FDA Greenlights First Treatment for Niemann-Pick Disease Type C

The Food and Drug Administration (FDA) has approved Miplyffa (arimoclomol; Zevra Therapeutics, Celebration, FL) for use in combination with miglustat for the treatment of neurologic manifestations of Niemann-Pick disease type C (NPC) for adult and pediatric patients aged ≥2 years. Miplyffa is a capsule that is administered orally 3 times daily, and it is the first FDA-approved medication for NPC. In conjunction with the approval, Zevra Therapeutics announced that it has received a rare pediatric disease priority review voucher, enabling the company to receive a priority review for an additional product.

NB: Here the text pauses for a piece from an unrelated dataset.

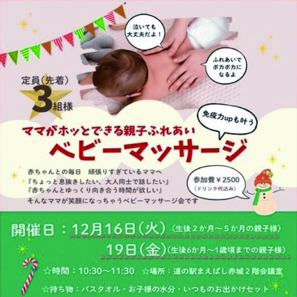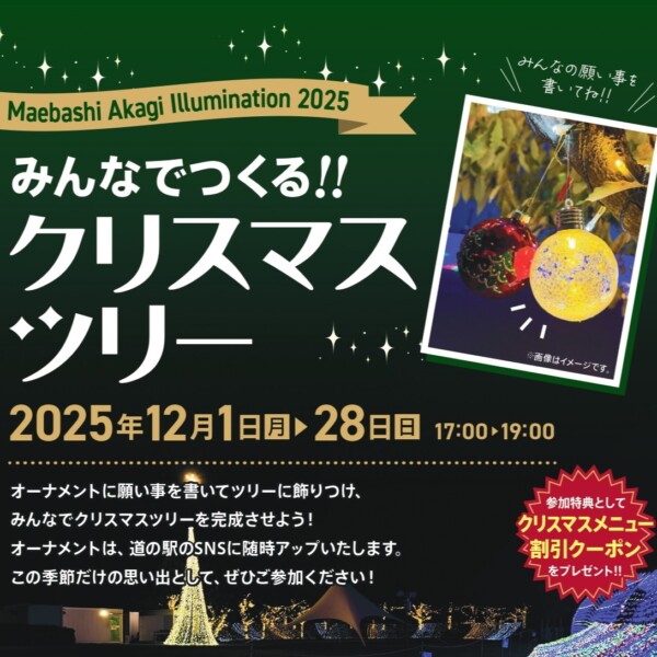 2025/12/01[月] 2025/12/28[日] みんなでつくる!!クリスマスツリー 2025/12/20[土] 2025/12/20[土] 【Bacon】ソーセージ作り&火おこし体験 2025/12/19[金] 2025/12/19[金] ママがホッとできる親子ふれあい ベビーマッサージ【12/19】 2025/12/16[火] 2025/12/16[火] ママがホッとできる親子ふれあい ベビーマッサージ【12/16】 2025/12/13[土] 2025/12/13[土] あかぎ・de・マルシェ【12/13】 2025/12/07[日] 2025/12/07[日] わんちゃん・ねこちゃんの里親譲渡会 2025/12/16[火] 2025/12/17[水] ウクレレ教室in道の駅まえばし赤城・平日クラス【12/16・17】 2025/12/02[火] 2025/12/03[水] ウクレレ教室in道の駅まえばし赤城・平日クラス【12/2・3】 EVENT COMPLETED 2025/11/22[土] 2025/11/25[火] 【4日間限定】華やぐ洋蘭風呂 2025/11/19[水] 2025/12/17[水] 道の駅まえばし赤城 Christmas Party Menu~2025~ 2025/12/01[月] 2026/01/31[土] 【衝撃のボリューム!!】デカ盛りグルメフェア 2025/12/20[土] 2025/12/20[土] 【筆ペンで描く】おのれ筆文字教室 2025/12/06[土] 2025/12/06[土] 【筆ペンで描く】おのれ筆文字教室 2025/12/01[月] 2025/12/25[木] 【冬だけのおいしい贅沢を】クリスマススぺシャルメニュー 2025/12/23[火] 2025/12/23[火] Buggy yoga (バギーヨガ) 【12/23】 EVENT COMPLETED 2025/11/24[月] 2025/11/24[月] 年末ジャンボ宝くじ販売会【11/24】 2025/12/06[土] 2025/12/06[土] 年末ジャンボ宝くじ販売会【12/6】 2026/01/24[土] 2026/01/24[土] ネイル&耳つぼジュエリー体験【1/24】 2025/11/30[日] 2025/11/30[日] 前橋華龍太鼓と和太鼓を楽しもう! in道の駅まえばし赤城 2026/01/17[土] 2026/01/17[土] 第29回ウクレレ教室 in道の駅まえばし赤城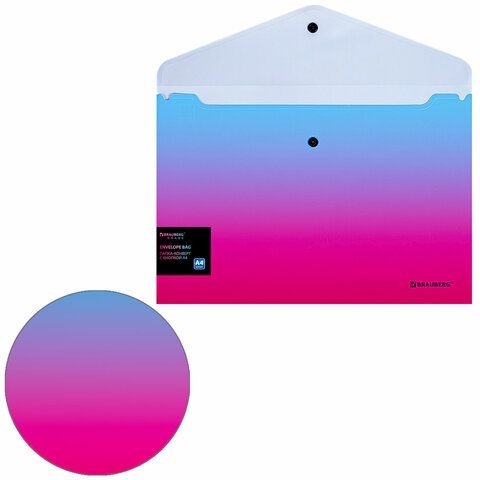 Многофункциональная папка-конверт BRAUBERG "Grade" – это неотъемлемый канцелярский атрибут современного человека. Папка идеально подойдет для хранения и транспортировки важных документов формата А4.Папка-конверт подойдет для студента, школьника, офисного работника.Папка сделана из плотного пластика (180 мкм) с УФ-печатью. Закрывается на защелку-кнопку, что увеличивает сохранность документов. Вместительность до 100 листов, гладкая фактура с градиентом.Папка надежно защитит документы и сбережет их от повреждений, пыли и влаги.Отличное качество и привлекательная стоимость – те исключительные качества, которые гарантирует бренд BRAUBERG!

The FDA approval is based on the totality of data from Miplyffa’s New Drug Application, including positive data from a randomized, double-blind, placebo-controlled trial with a population of 50 participants with NPC who were aged 2 to 19 years. Participants were randomly assigned 2:1 to receive either Miplyffa at a weight-assigned dose or placebo 3 times daily. Thirty-nine (78%) participants received miglustat as a background treatment during the 12-month trial, and in these individuals, efficacy of Miplyffa was measured according to restored 4-domain NPC Clinical Severity Scale (R4DNPCCSS).

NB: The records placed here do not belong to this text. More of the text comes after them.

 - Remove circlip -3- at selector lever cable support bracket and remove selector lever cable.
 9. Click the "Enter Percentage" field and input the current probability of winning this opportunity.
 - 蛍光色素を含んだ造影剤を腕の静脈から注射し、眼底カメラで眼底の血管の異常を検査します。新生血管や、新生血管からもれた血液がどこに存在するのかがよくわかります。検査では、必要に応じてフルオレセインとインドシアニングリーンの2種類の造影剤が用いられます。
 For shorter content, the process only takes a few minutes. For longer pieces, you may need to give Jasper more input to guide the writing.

• The 76% of participants in the treatment group who received Miplyffa in combination with miglustat experienced a 0.2-point decrease in R4DNPCCSS score from baseline through 12 months.
• The 81% of participants in the placebo group who received miglustat alone experienced a 1.9-point decrease in R4DNPCCSS score from baseline through 12 months.

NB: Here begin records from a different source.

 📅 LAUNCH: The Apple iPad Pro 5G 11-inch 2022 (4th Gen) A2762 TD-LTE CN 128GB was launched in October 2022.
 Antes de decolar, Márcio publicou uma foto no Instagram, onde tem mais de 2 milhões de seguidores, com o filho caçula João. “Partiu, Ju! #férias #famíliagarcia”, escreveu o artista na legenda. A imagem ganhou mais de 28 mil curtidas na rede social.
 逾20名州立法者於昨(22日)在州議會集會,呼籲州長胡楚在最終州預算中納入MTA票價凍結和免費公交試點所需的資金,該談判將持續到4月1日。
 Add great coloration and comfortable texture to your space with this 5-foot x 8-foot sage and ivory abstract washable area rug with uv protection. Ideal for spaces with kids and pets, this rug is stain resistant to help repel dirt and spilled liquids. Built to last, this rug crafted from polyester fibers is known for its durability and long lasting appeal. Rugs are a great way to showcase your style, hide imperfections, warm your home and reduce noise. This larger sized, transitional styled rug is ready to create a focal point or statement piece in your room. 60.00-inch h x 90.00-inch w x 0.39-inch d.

The trial results demonstrate that, compared with placebo, Miplyffa is associated with the halting of disease progression. Additionally, confirmatory evidence, such as data from a 48-month open label extension (OLE) study, suggest that people who receive Miplyffa experience improved disease outcomes compared with a natural history cohort. The most common adverse reactions associated with treatment are upper respiratory tract infection, diarrhea, and decreased weight. Miplyffa’s prescribing information includes precautions for hypersensitivity reactions, embryofetal toxicity, and increased creatinine without affecting glomecular function.

NPC is a rare lysosomal storage disease with a range of clinical manifestations, often presenting in children aged <10 years. The condition is associated with progressive neurologic disease, with symptoms including developmental delays, cognitive decline, tremor, epilepsy, and cerebellar ataxia, among others, with a terminal stage characterized by severe dementia, weakness, and loss of volitional movement. Miplyffa functions by increasing activation of transcription factor EB (TFEB) and transcription factor E3 (TFE3), upregulating the coordinated lysosomal expression and regulation (CLEAR) genes.